PATTERN Cited by 1 source
Alert backtesting¶
Replay a proposed alert expression against historical metric data to answer: "when would this alert have fired, and how often, if it had existed the whole time?" Applied at PR-diff granularity (hundreds or thousands of alerts per change) with per-alert quality signals ("noisiness", firing-count timeline), alert backtesting turns alert authoring from deploy-and-wait into a pre-merge workflow.
Shape¶
- Input: the alert expression in the platform's native format (e.g. Prometheus rule groups), plus a time window (a one-week or 30-day lookback is typical) and historical metrics.
- Execution: reuses the platform's own rule-evaluation engine
unchanged — simulation = "what if this rule existed at
t" for everytin the window. Each run isolated in its own execution unit (Kubernetes pod with autoscaling) to prevent resource contention with production. - Output: the simulated firings written back in the platform's native time-series format, queryable with the platform's standard query API.
- Scoring: a "noisiness" metric per alert + a firing-count timeline; surfaced in the PR's Change Report so reviewers can sort by noisiness and focus on the problematic ones.
- Dive-in UX: per-alert panel with the underlying metric graph + an override sandbox ("what if I changed the threshold from 1.5 to 1.14?"), which re-runs the simulation inline.
Required capabilities¶
- Alerts-as-code substrate (see patterns/alerts-as-code) so the PR diff is the input to the backtest.
- Historical metric retention long enough to cover a meaningful window (~30 days typical).
- Reusable rule-evaluation engine — preferably the same one running production, so simulation ≡ production semantics. Implementing an independent simulator is an anti-pattern: divergence is silent and the signal becomes unreliable.
- Isolation + guardrails: per-backtest compute pod, concurrency limits, error thresholds, circuit breakers. "A backtesting system that can destabilize production is worse than no system at all."
- Diff-level batching: scale the UI from one alert to thousands per run, because platform-template changes fan out to many services.
- Modified-dependency detection: when a PR touches a recording rule other alerts depend on, the UI must highlight the dependency and prompt a two-step flow (modify recording rule first, then backtest dependent alerts) — otherwise silent incorrect results.
Why it matters¶
- Collapses the historical deploy-side-by-side-and-wait iteration loop from a month to an afternoon.
- Makes platform-team alert template changes (fanning out to thousands of services) reviewable for the first time — without backtesting, reviewers have no basis to reason about behavior-at-rollout.
- Unlocks fleet-wide migrations: Airbnb attributes their 300K-alert vendor → Prometheus migration becoming tractable primarily to the Change Report + bulk-backtest capability.
- Aggregate behavioral effect: alert-hygiene debt becomes visible at author-time, so it gets paid down continuously instead of accumulating.
Tradeoffs¶
- Build cost is real. Rule-evaluation-engine integration + pod-scoped execution + autoscaling + UI + noisiness scoring + override sandbox is a platform-team project, not a weekend hack.
- Recording-rule dependencies: strict correctness would require a dependency resolver. Airbnb explicitly chose a UI affordance (highlight
- prompt) over a resolver as a "perfect-is-enemy-of-shipped" simplification. This leaves a correctness edge case to operator discipline.
- Historical data cost: long-retention metrics are expensive.
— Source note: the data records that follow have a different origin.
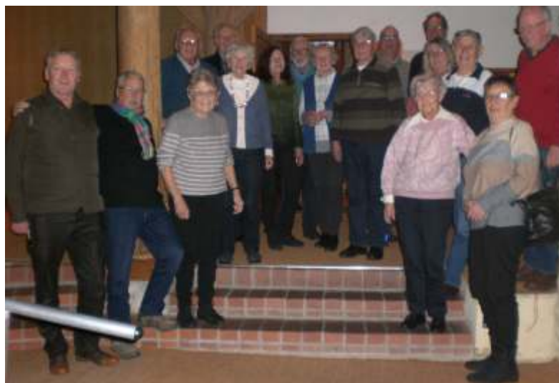
Zum Klönnachmittag hatte sich eine große Gruppe gefunden
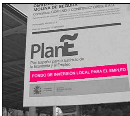
Cartel del Plan E en Molina de Segura
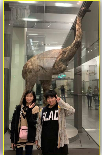
今は絶滅してしまった モアと。

夕食はスカイタワー内のビュッフェレストランで取りました。和食やデザートの種類も多く、思わず食べ過ぎてしまった生徒もいました。

Window length and cardinality directly drive backtest storage cost.
- Not a substitute for staging. Backtesting validates behavior against past reality; it can't foresee new regimes (traffic shifts, new incident classes).
Seen in¶
- sources/2026-03-04-airbnb-alert-backtesting-change-reports —
Airbnb's Reliability Experience team built backtesting into the Change
Report UI by hooking directly into Prometheus's
rules/manager.gorule-evaluation engine. Backtest results persisted as Prometheus time series blocks, queryable via the standard range-query API. Each run in its own Kubernetes pod with autoscaling + concurrency limits + error thresholds + multiple circuit breakers. Bulk-at-diff with a "noisiness" metric + firing-timeline table. Typical window 30 days (one week shown in walkthrough screenshots). 300K alerts migrated from a vendor to Prometheus, 90% reduction in company-wide alert noise, iteration cycle month → afternoon.
Related¶
- patterns/alerts-as-code — alert backtesting is a capability within the broader alerts-as-code discipline; an alerts-as-code platform without backtesting is the thinner version.
- patterns/ci-regression-budget-gate — same shape at a different surface: compute a cost/quality proxy from the PR diff and surface it to reviewers at pre-merge time.
- systems/airbnb-observability-platform — canonical production instance.
- concepts/observability — "own the interaction layer" sharpened: "partial ownership creates leaky abstractions."